Write a function called combine_paths. Given a url and a path to another page on the same website, it should return the full url to the other page. You can expect that your function will only be given valid URLs and paths.

Example output:

>>> combine_paths('https://cs111.byu.edu/lab/lab15/', '/lab/lab20/')
'https://cs111.byu.edu/lab/lab20/'
>>> combine_paths('https://cs111.byu.edu/hw/hw03/#part-2', '/articles/about/')
'https://cs111.byu.edu/articles/about/'

Q3: Combine URLs

Write a function called combine_urls. Given two urls (a base url and a url to join), it should return the full URL of the webpage pointed to by the url to join. Try using a built in urllib function help with this task.

Example output:

>>> combine_urls('https://cs111.byu.edu/lab/lab15/', '/lab/lab20/')
'https://cs111.byu.edu/lab/lab20/'
>>> combine_urls('https://cs111.byu.edu/lab/lab08', 'lab20/')
'https://cs111.byu.edu/lab/lab20/'
>>> combine_urls('https://cs111.byu.edu/hw/hw05/', 'https://www.wikipedia.org')
'https://www.wikipedia.org'
>>> combine_urls('https://cs111.byu.edu/lab/lab20/assets/page1.html', 'page2.html')
'https://cs111.byu.edu/lab/lab20/assets/page2.html'

Q4: Print Pages

Write a function called print_pages.

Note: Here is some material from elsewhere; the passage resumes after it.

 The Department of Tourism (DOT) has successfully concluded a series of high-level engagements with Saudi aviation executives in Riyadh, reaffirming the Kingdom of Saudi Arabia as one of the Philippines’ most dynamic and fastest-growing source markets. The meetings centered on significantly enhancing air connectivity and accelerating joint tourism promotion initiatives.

Given a url, a list of paths and pages, and an output file name, it should visit each of those paths and pages and write the contents of ALL of the pages to the same output file. The start of each page should be written on its own line. Each new page/path should be combined with the full url of the previous page visited (eg. the first path/page will need to be combined with the url that is passed into the function, and the second path/page will need to be combined with the full url of the first page, etc.)

Paths vs Pages: If the item in the list that you are processing starts with a forward slash (/lab/lab20/assets/page1.html), it is a path, and should be appended to the domain directly and visited. If the item does not begin with a forward slash (page2.html), it is a page in the same "folder" as the previous file processed (https://cs111.byu.edu/lab/lab20/assets/page2.html).

Example output:

>>> print_pages('https://cs111.byu.edu', ['/lab/lab20/assets/page1.html', 'page2.html'], 'pages.output.txt') # no print output because you are just writing to the output file
>>> print_pages('https://cs111.byu.edu/proj/proj4/', ['/lab/lab20/assets/page1.html', 'page2.html'], 'pages.output.txt')

Both of the above function calls should write the same thing to the output file:

you found page1! good job.
this line is from page2.html

Hint: You will need to use requests as well for this part of the assignment.

Submit

Submit the lab20.py file on Canvas to Gradescope in the window on the assignment page.